DATA:
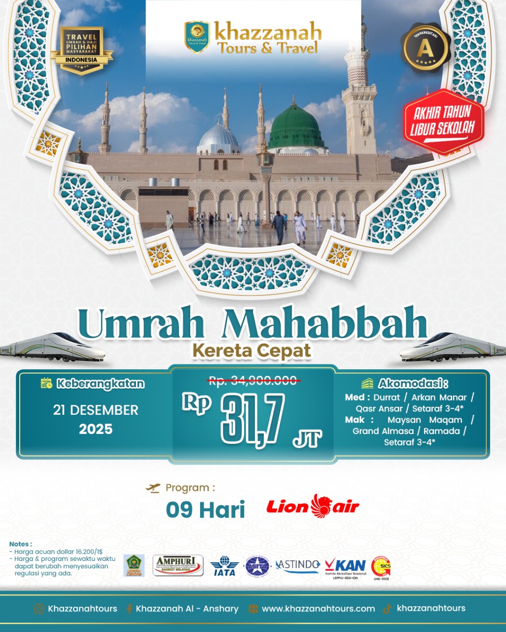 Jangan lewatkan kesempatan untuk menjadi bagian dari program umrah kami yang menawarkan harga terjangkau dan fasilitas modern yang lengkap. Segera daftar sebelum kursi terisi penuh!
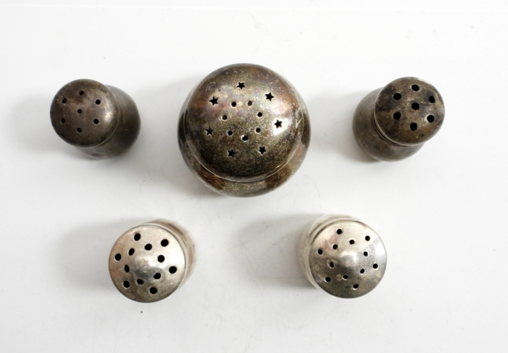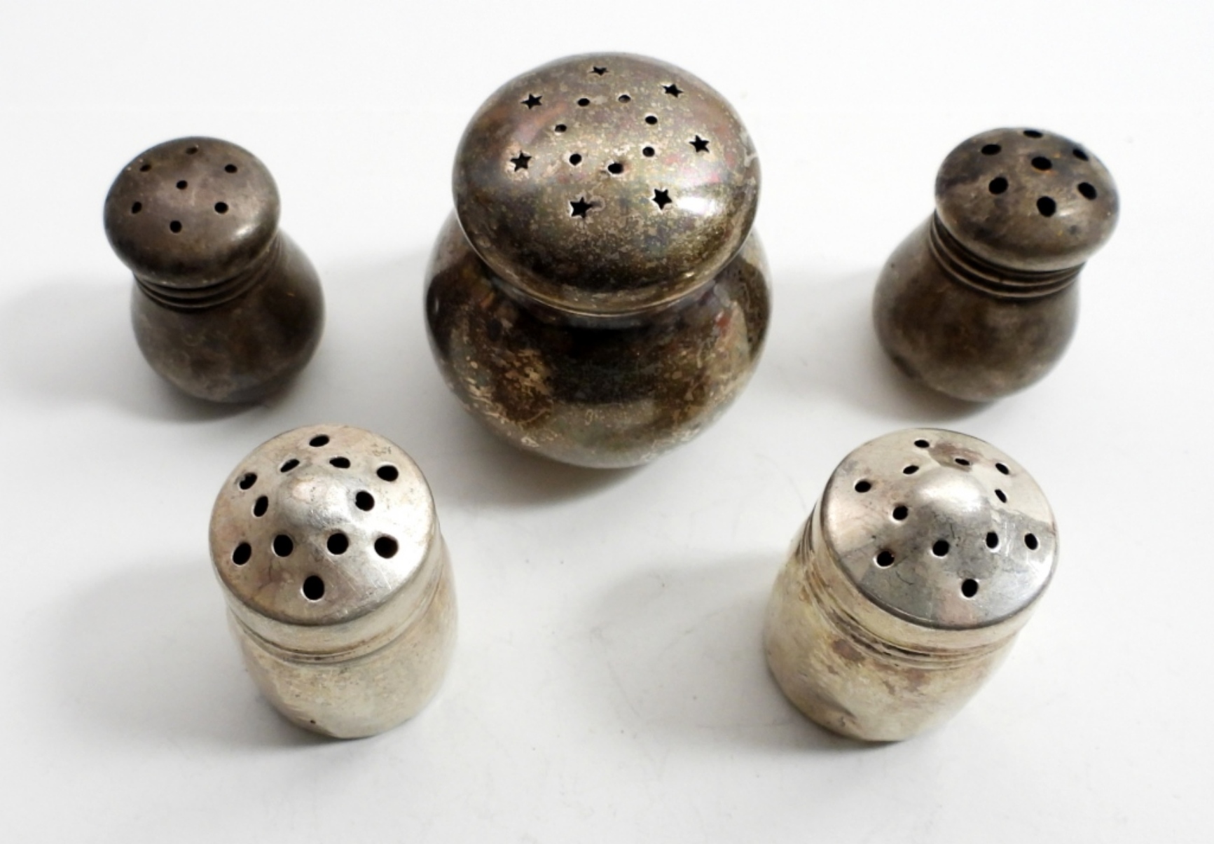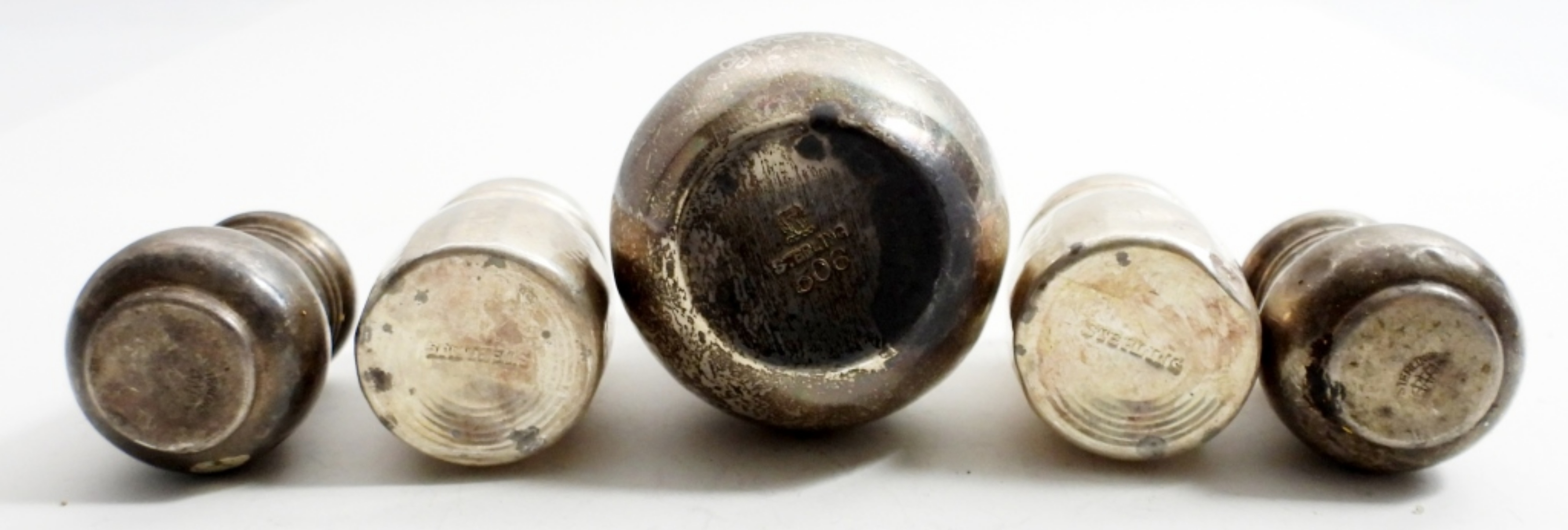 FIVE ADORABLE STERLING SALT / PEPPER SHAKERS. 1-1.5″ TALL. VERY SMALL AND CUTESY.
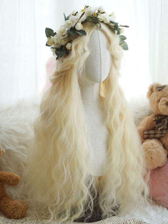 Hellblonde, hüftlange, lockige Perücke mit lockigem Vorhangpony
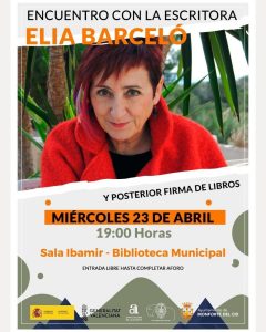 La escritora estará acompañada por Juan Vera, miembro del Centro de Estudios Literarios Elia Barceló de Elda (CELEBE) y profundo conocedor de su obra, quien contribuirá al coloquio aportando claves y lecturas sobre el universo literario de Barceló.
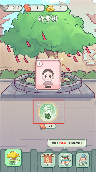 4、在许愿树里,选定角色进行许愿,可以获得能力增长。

---

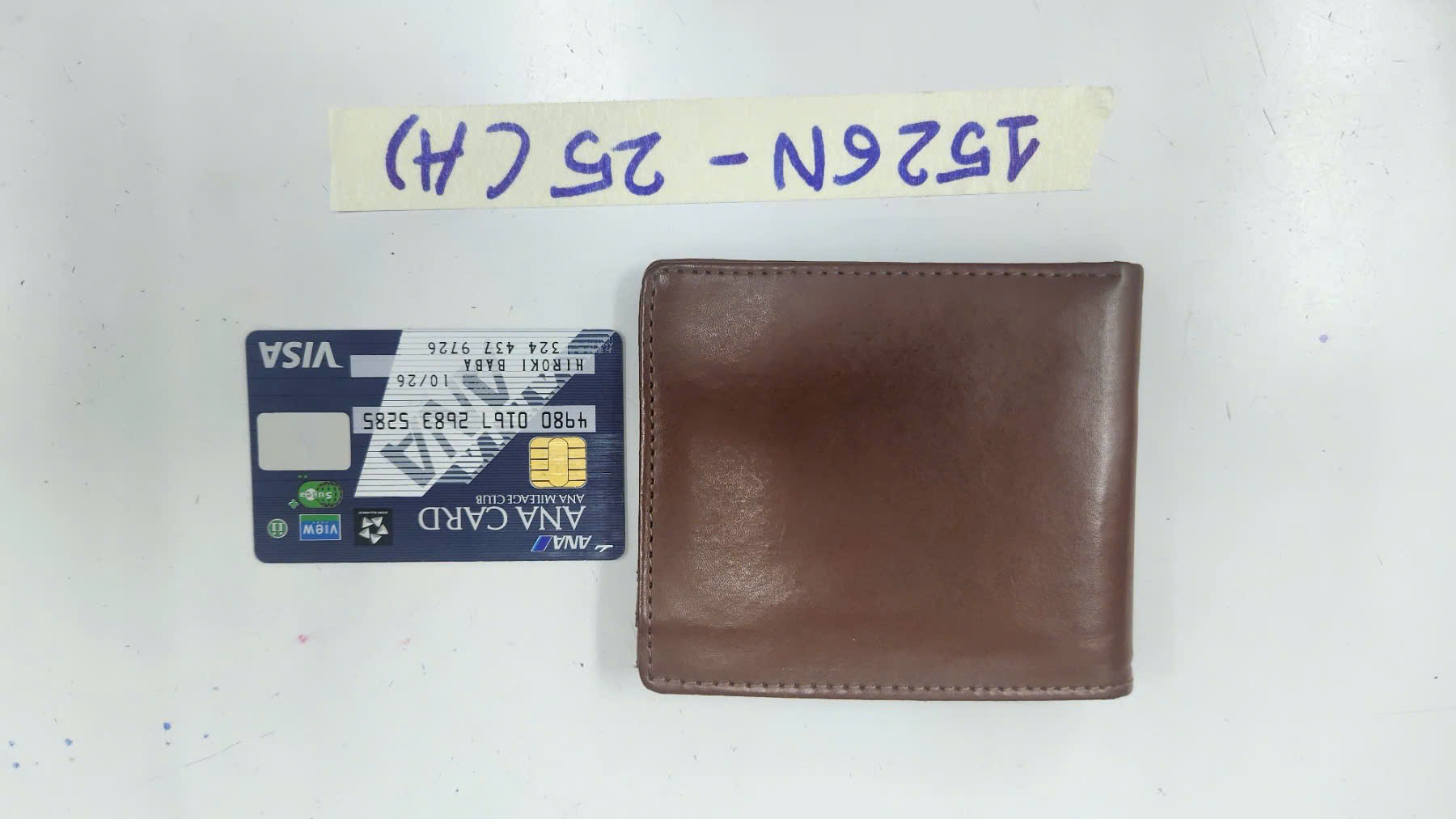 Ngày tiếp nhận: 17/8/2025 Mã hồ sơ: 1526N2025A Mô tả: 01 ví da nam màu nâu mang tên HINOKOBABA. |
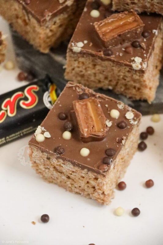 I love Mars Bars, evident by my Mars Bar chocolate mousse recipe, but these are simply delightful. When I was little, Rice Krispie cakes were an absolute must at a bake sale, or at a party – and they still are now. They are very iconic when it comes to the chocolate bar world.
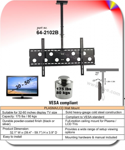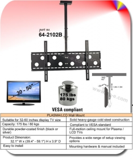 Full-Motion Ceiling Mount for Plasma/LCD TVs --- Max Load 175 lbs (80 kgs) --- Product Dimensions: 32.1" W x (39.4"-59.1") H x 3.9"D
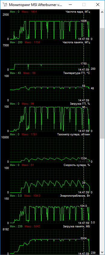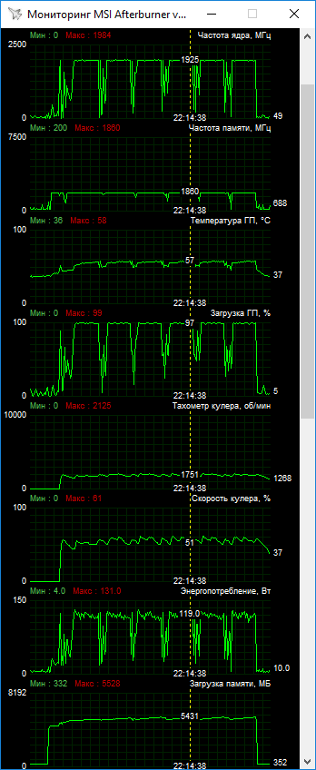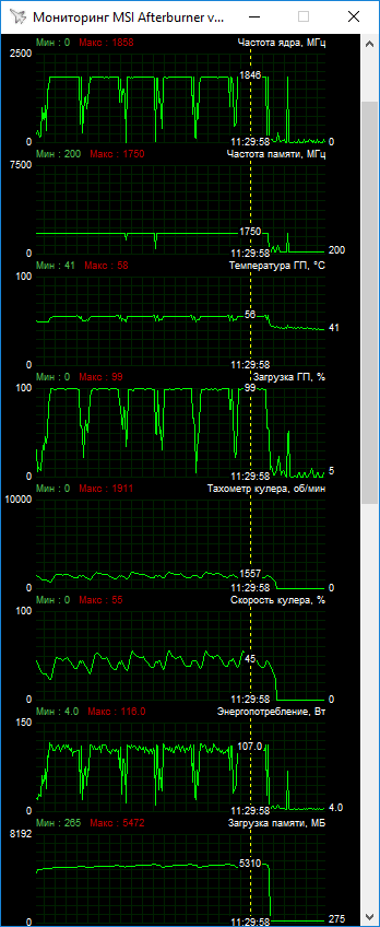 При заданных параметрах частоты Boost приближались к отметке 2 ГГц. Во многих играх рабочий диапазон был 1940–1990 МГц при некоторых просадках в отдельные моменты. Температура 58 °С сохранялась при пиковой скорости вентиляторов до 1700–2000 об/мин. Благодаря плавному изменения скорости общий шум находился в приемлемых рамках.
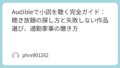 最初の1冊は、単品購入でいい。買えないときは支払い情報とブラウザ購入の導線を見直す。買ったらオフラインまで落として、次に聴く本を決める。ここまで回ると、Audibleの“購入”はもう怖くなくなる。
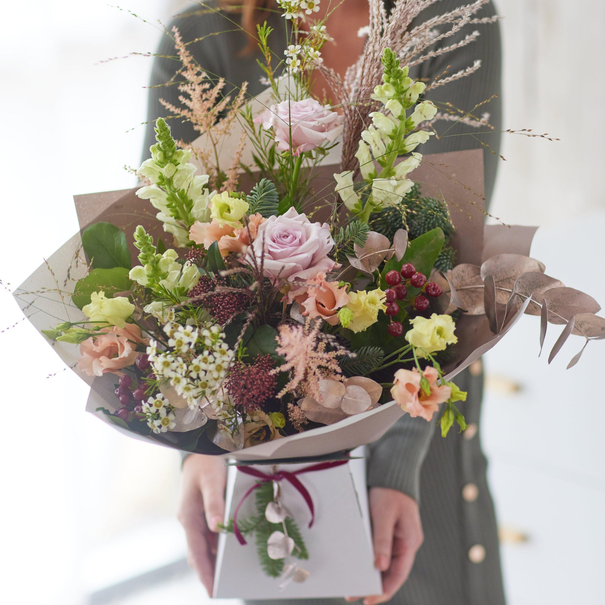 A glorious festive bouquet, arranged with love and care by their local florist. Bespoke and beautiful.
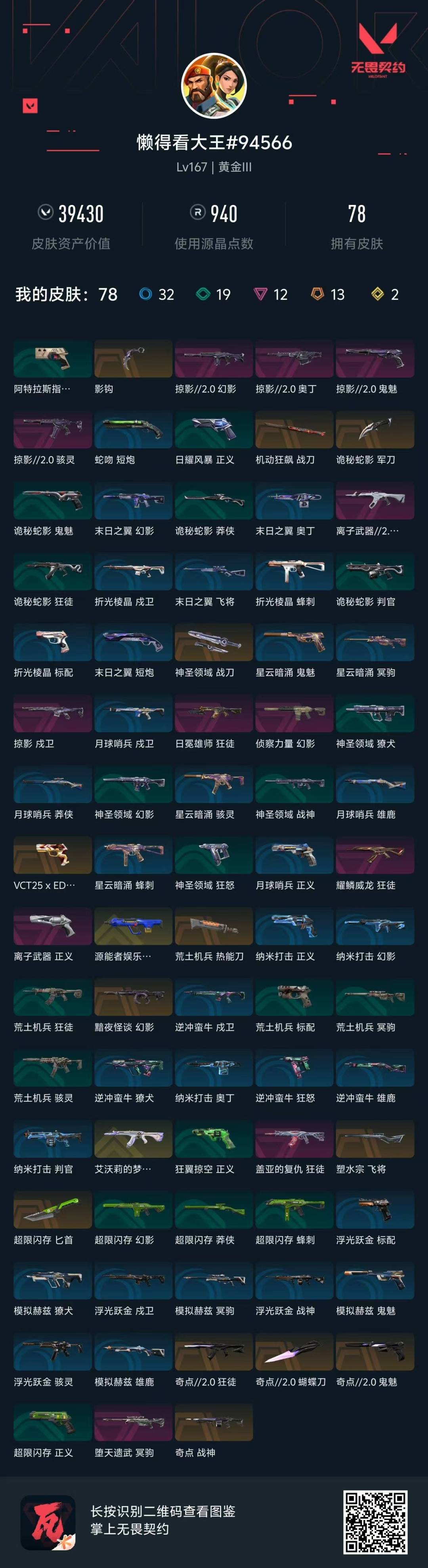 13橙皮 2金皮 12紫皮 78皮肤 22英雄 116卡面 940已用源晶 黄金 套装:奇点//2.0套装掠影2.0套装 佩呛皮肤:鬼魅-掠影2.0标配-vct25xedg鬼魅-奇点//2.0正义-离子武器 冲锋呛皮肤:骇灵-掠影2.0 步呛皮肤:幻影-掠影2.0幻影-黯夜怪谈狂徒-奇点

--

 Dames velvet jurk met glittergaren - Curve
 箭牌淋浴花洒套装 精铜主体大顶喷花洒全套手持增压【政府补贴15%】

DIRECTIONS FOR THIS TASK:
Write out again exactly the lines above from the one with "La escritora estará" through the one with "4、在许愿树里,选定角色进行许愿,可以获得能力增长。", adding no other lines and no pictures.

WRITTEN ANSWER:
 La escritora estará acompañada por Juan Vera, miembro del Centro de Estudios Literarios Elia Barceló de Elda (CELEBE) y profundo conocedor de su obra, quien contribuirá al coloquio aportando claves y lecturas sobre el universo literario de Barceló.
 4、在许愿树里,选定角色进行许愿,可以获得能力增长。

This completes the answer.